[Exercise input]
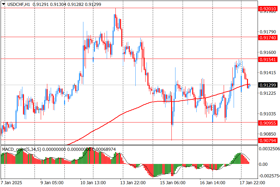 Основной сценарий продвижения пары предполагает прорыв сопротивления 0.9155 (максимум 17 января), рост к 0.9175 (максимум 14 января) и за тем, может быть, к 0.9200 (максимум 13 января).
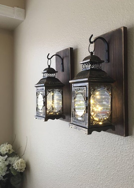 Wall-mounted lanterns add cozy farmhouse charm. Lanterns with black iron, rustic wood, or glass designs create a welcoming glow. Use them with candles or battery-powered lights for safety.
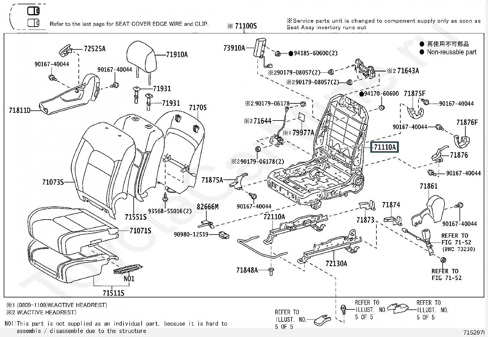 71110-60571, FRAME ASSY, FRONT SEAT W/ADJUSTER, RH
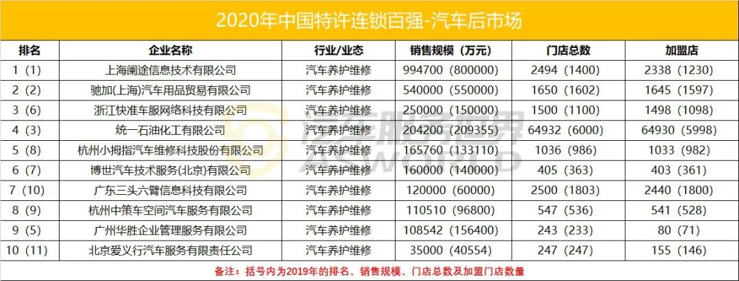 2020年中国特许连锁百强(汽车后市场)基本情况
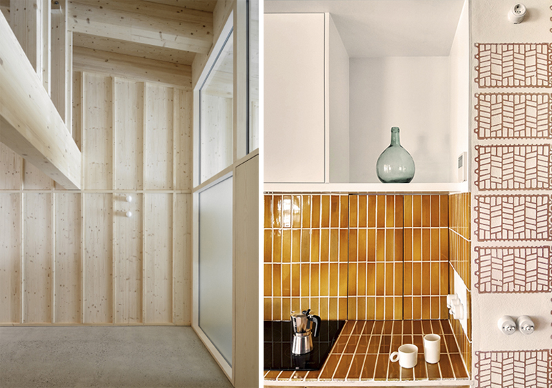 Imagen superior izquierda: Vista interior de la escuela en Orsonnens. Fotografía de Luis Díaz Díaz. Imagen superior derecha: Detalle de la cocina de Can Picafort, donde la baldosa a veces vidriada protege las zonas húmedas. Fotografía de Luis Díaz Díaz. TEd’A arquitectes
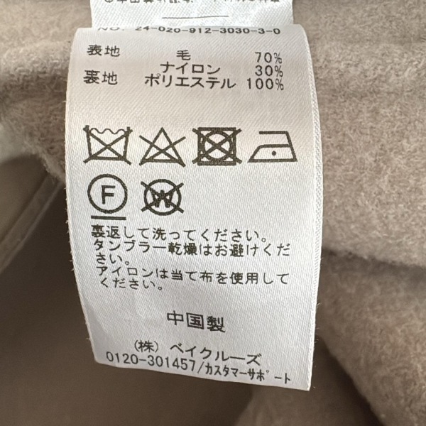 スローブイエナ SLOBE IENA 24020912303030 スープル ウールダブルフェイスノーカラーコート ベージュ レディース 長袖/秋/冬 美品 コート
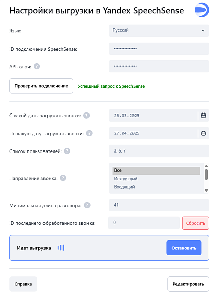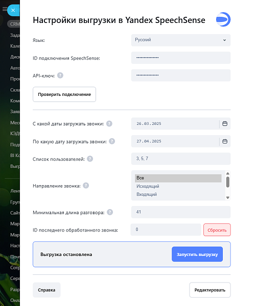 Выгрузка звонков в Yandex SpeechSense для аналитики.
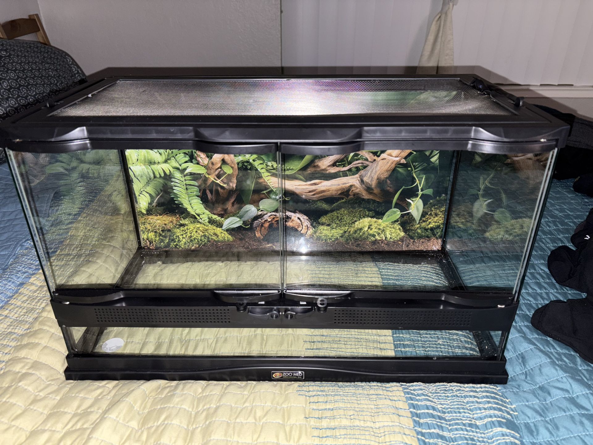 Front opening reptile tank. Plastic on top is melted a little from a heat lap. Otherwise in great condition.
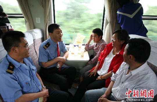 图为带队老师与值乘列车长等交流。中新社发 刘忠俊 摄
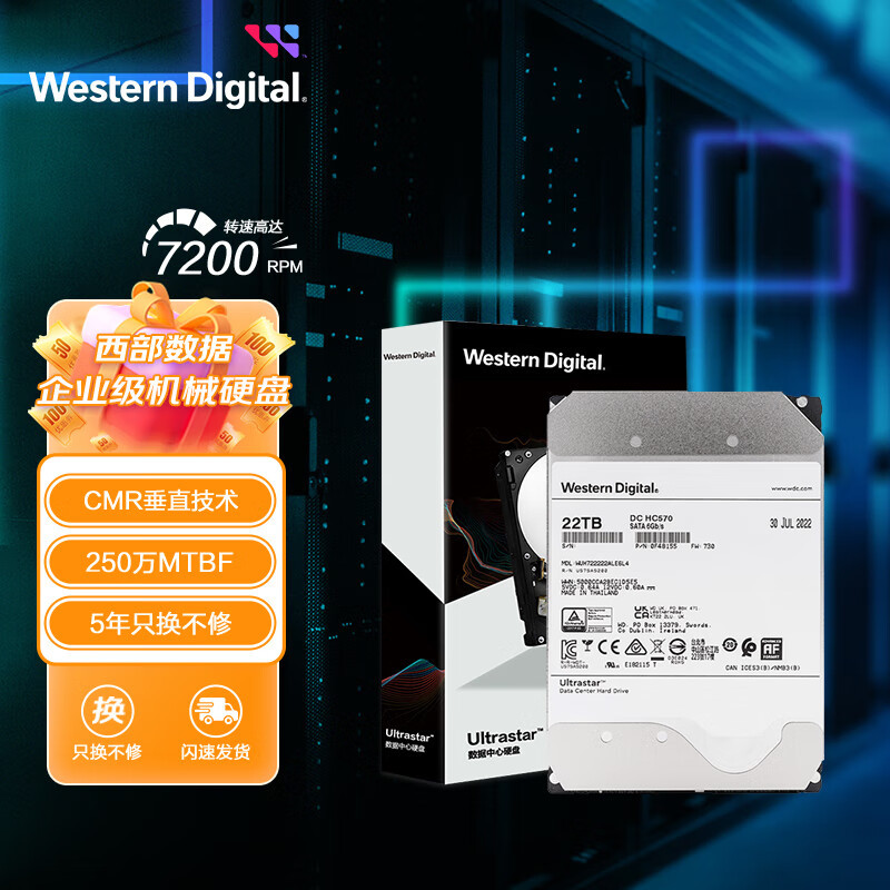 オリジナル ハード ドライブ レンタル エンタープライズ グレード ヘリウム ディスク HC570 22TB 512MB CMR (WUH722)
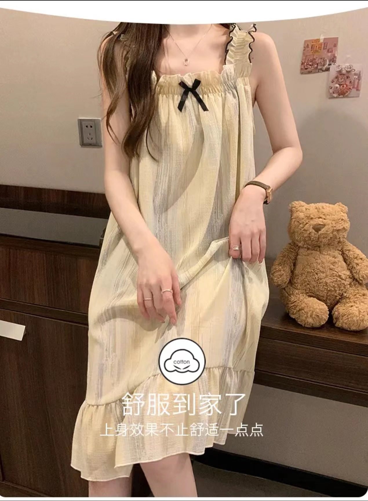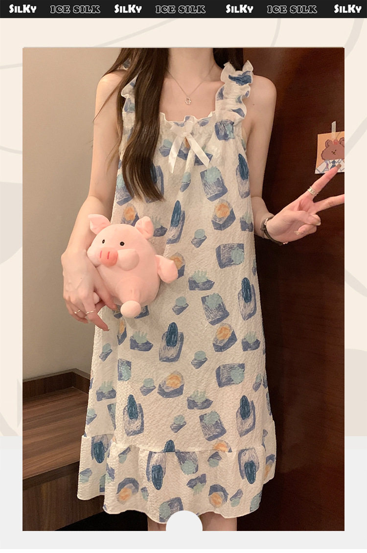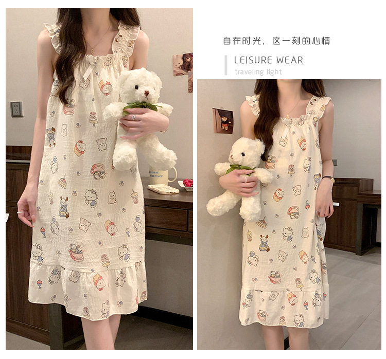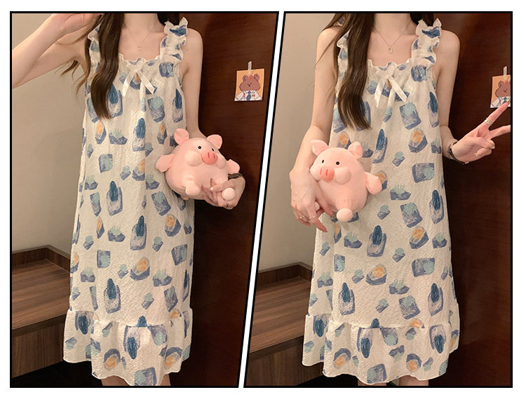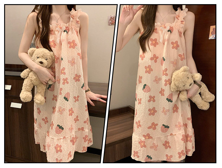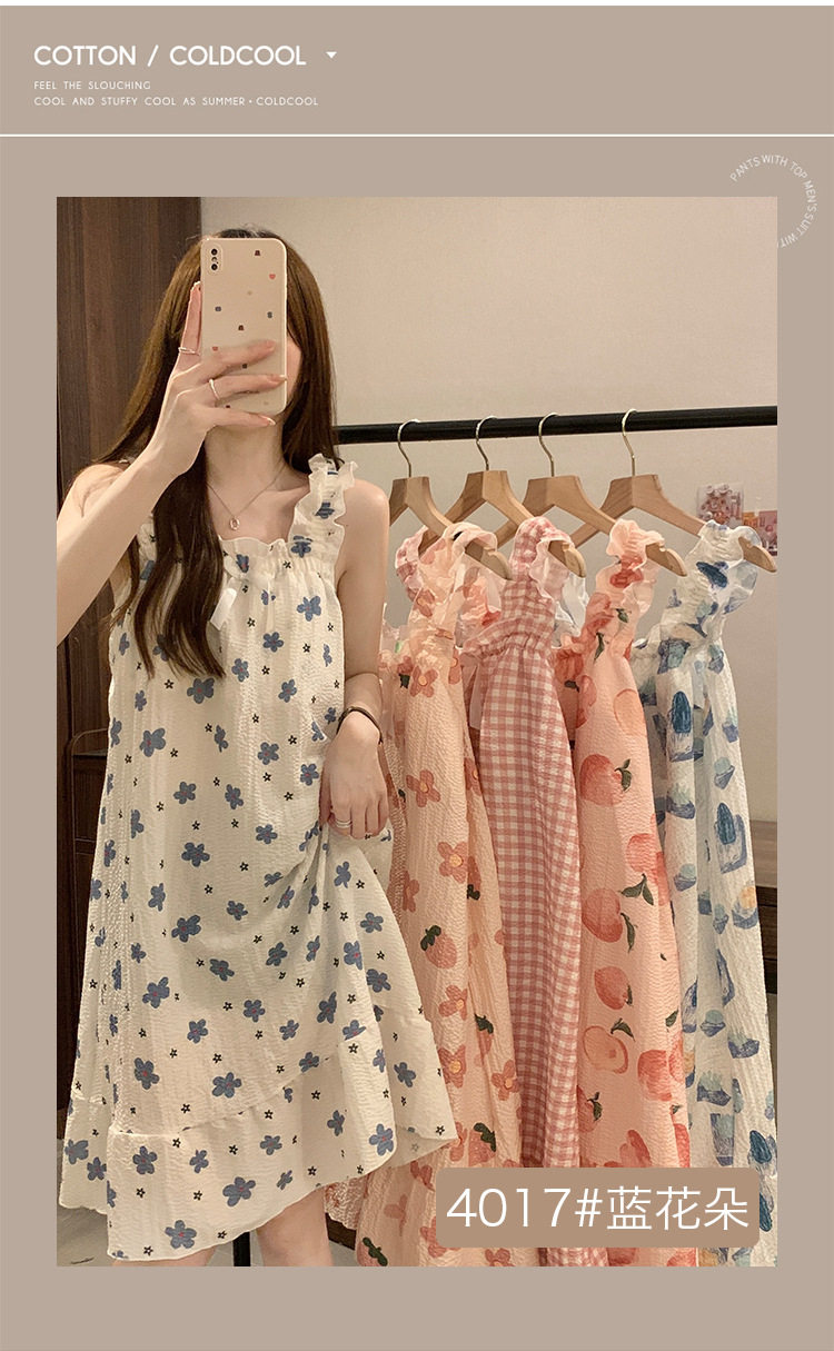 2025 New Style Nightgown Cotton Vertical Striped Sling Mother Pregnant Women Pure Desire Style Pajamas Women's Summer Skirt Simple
[/Exercise input]
[Exercise input]
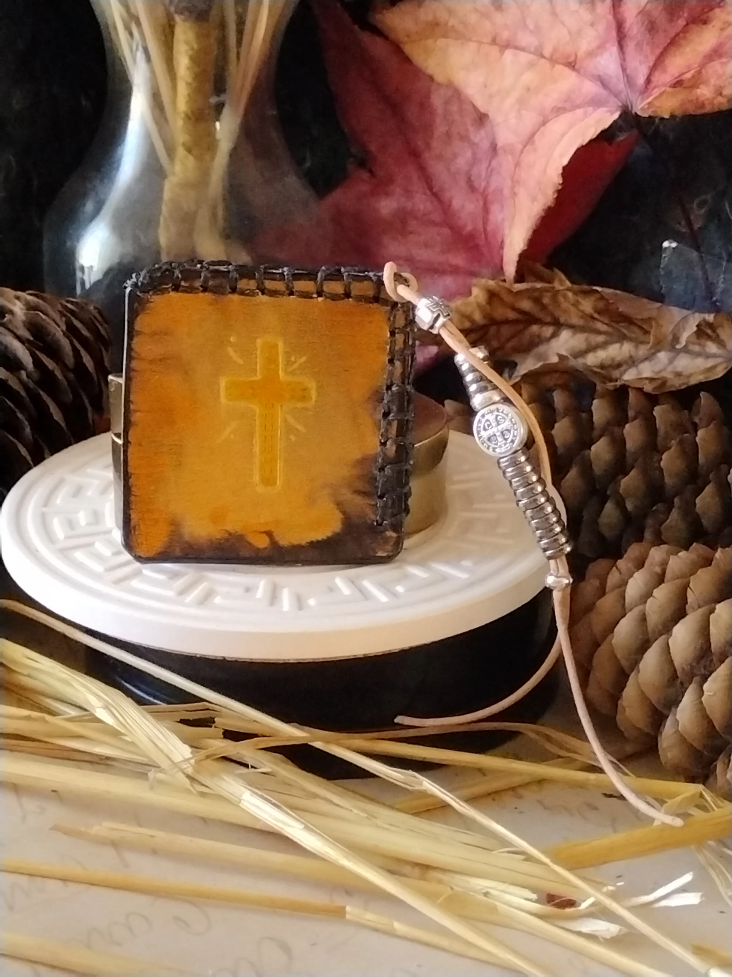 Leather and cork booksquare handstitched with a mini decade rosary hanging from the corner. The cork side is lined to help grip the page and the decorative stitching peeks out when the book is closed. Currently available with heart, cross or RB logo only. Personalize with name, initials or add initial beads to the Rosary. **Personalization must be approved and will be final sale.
[/Exercise input]
- What the task asks -
The lines above starting at the one that holds "Wall-mounted lanterns add" and ending at the one that holds "2020年中国特许连锁百强(汽车后市场)基本情况" are to be written out exactly, ends included, and no pictures are to be copied.

- Task answer -
 Wall-mounted lanterns add cozy farmhouse charm. Lanterns with black iron, rustic wood, or glass designs create a welcoming glow. Use them with candles or battery-powered lights for safety.
 71110-60571, FRAME ASSY, FRONT SEAT W/ADJUSTER, RH
 2020年中国特许连锁百强(汽车后市场)基本情况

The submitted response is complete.